#### Supplied material
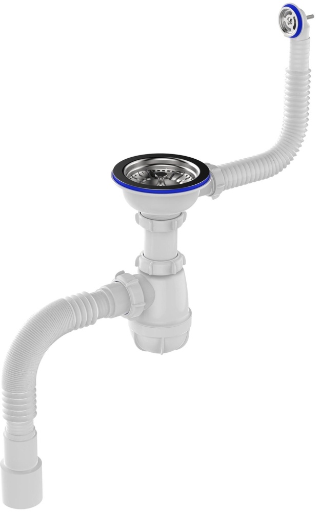 Сифон бутылочного типа от бренда Aquant, подходит для кухонных моек с диаметром сливного отверстия 90 мм. Выпуск 3 1/2" - разборный, с металлическими решетками 113 мм и ситечком 78 мм в комплекте с трубкой и круглым переливом с решеткой из нержавеющей стали. Корпус сифона увеличенный, для достижения максимальной проточности и поддержания оптимального уровня гидрозатвора с высотой 55мм. Идет в комплекте с гофротрубой с универсальным выходом под два диаметра 40/50мм для подключения к канализации. Сифон прост в установке, позволяет прочистить его в случае засорения без демонтажа и способен улавливать мелкие предметы. Внутренняя поверхность стакана сифона с зеркальной полировкой обеспечивает улучшенную проточность. Все пластиковые детали сифона производятся из первичного полипропилена, прокладки изготовлены из высококачественных пластикатов и обеспечивают длительный срок службы и высокую ремонтопригодность. Сифон выдерживает перепад температур от +5 до +80 градусов.
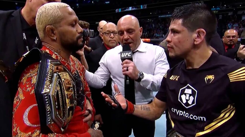 The UFC’s freshly crowned interim flyweight champion, Brandon Moreno, reacted surprisingly well to arch-rival Deiveson Figueiredo’s Octagon invasion at UFC 277. Not long after Moreno earned the interim title with a victory over Kai Kara-France, Figuereido, with his own belt firmly in hand, walked into the Octagon to challenge Moreno to a fourth fight. Speaking on The MMA Hour, Moreno explained how he remained calm despite his rival’s presence.
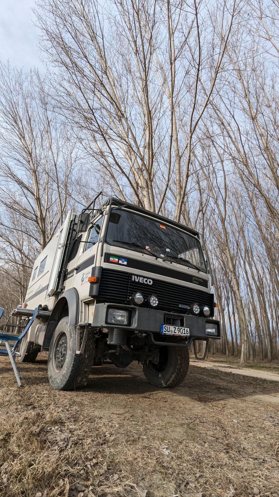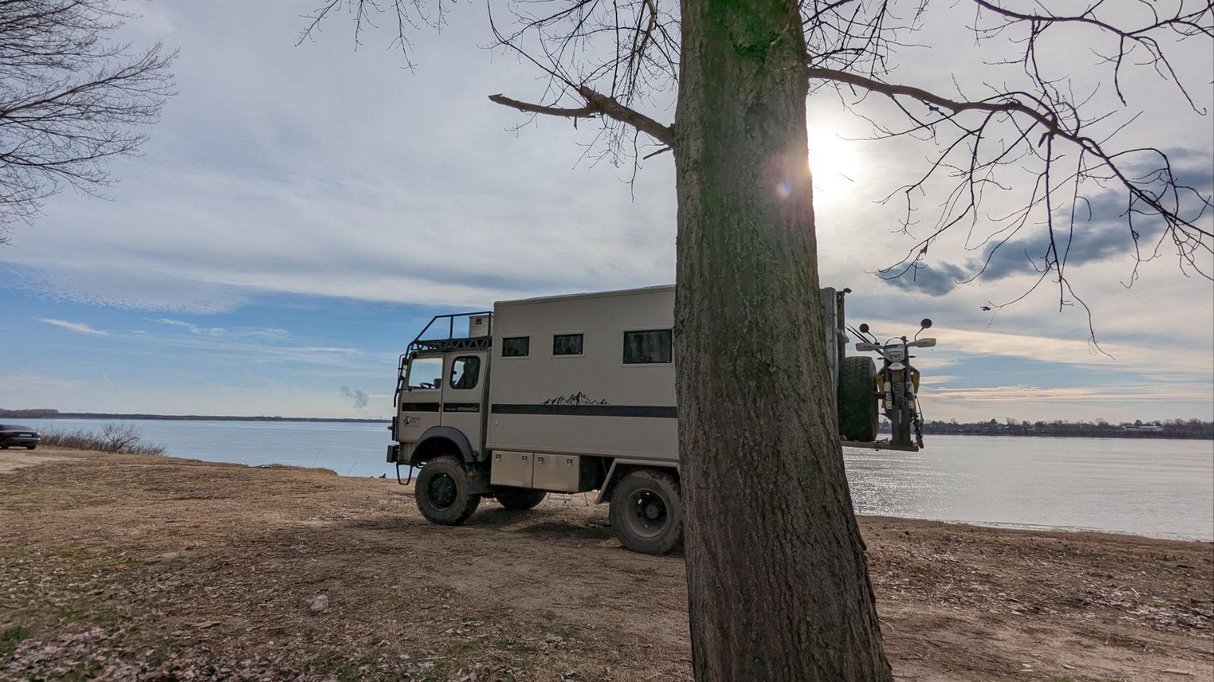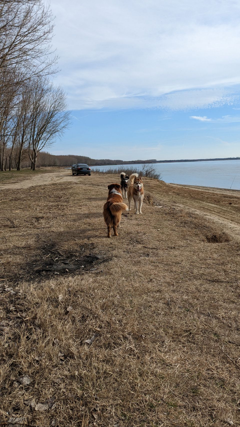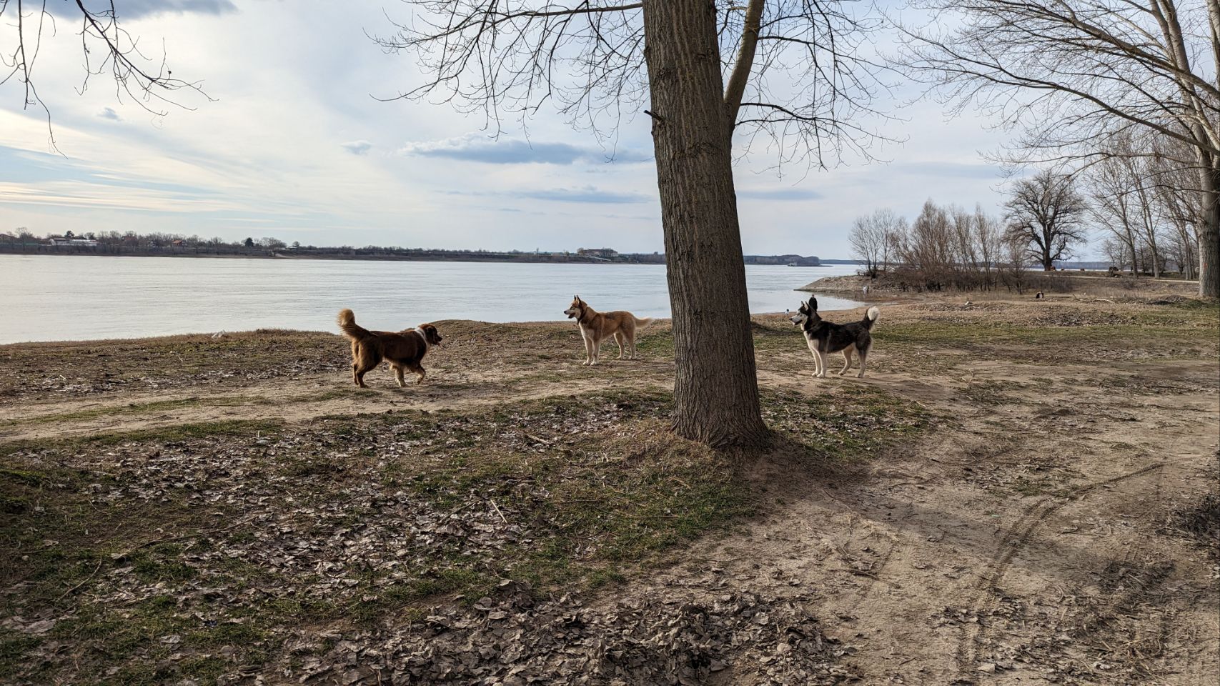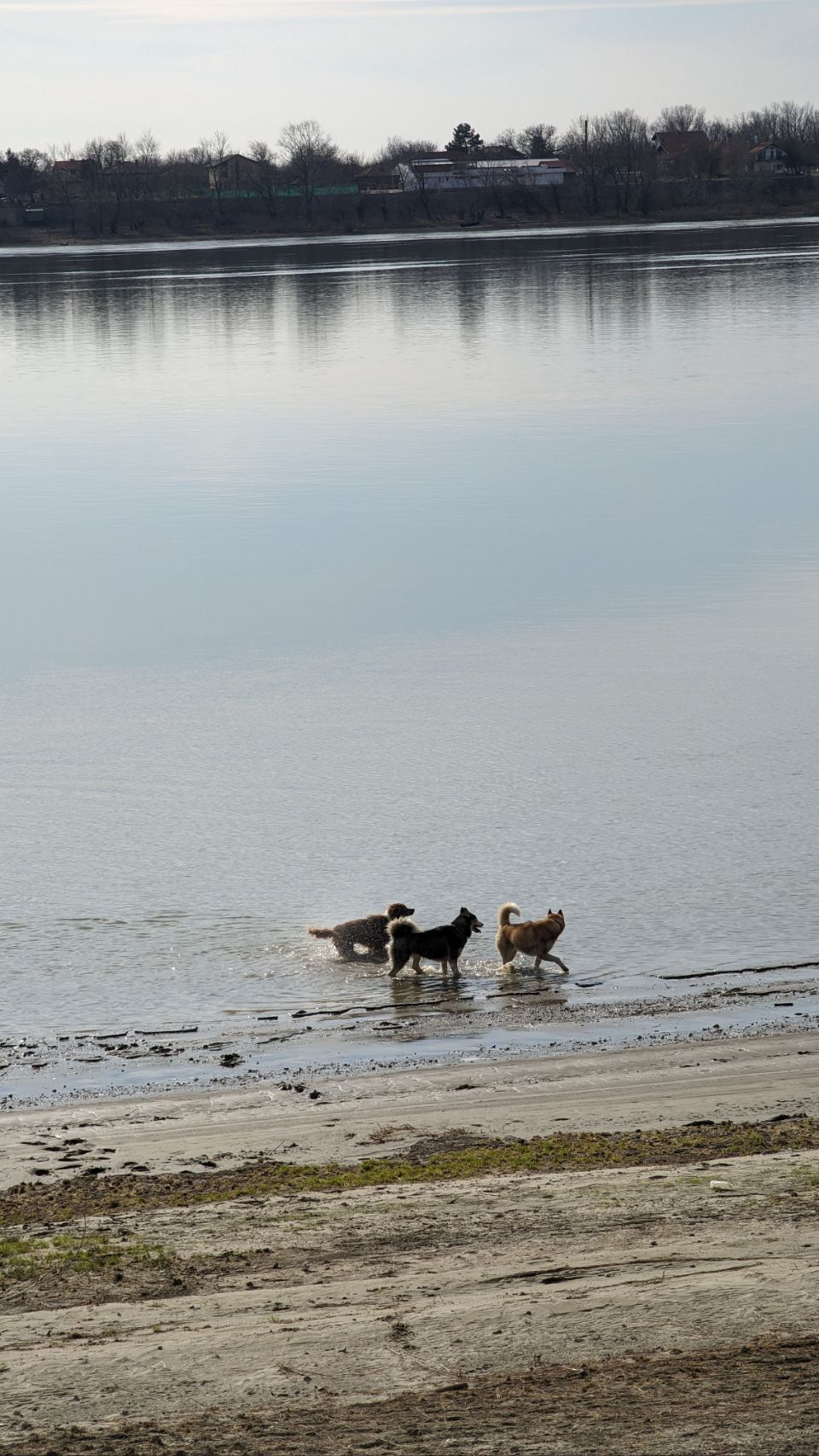Danach sind wir auch fast schon fertig mit Fahren für heute: wir haben für die nächsten 2 Tage einen schönen Platz quasi gegenüber von Vidin direkt am Ufer bzw am Stand der Donau gefunden, dort sind tagsüber ein paar Anglern und Einheimische, eine Gruppe hat 2 Huskies dabei, die den ganzen Nachmittag frei rumlaufen. Das darf Cuba natürlich auch und die 3 haben ihren Spaß miteinander!
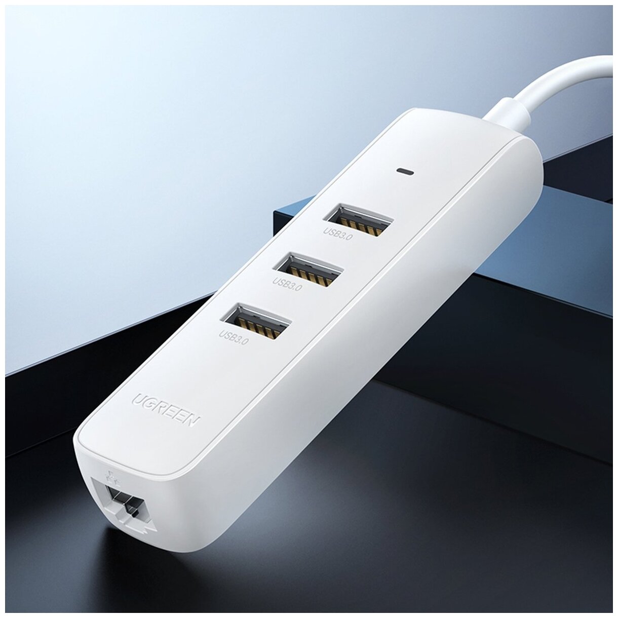 10 цен на Хаб Ugreen CM416 Usb-c to 3xUSB 3.0+RJ45 White 50620
########
Nothing but the lines from the line with "Danach sind wir" through the last line of the listing above should be repeated, and pictures should be left out.

Danach sind wir auch fast schon fertig mit Fahren für heute: wir haben für die nächsten 2 Tage einen schönen Platz quasi gegenüber von Vidin direkt am Ufer bzw am Stand der Donau gefunden, dort sind tagsüber ein paar Anglern und Einheimische, eine Gruppe hat 2 Huskies dabei, die den ganzen Nachmittag frei rumlaufen. Das darf Cuba natürlich auch und die 3 haben ihren Spaß miteinander!
 10 цен на Хаб Ugreen CM416 Usb-c to 3xUSB 3.0+RJ45 White 50620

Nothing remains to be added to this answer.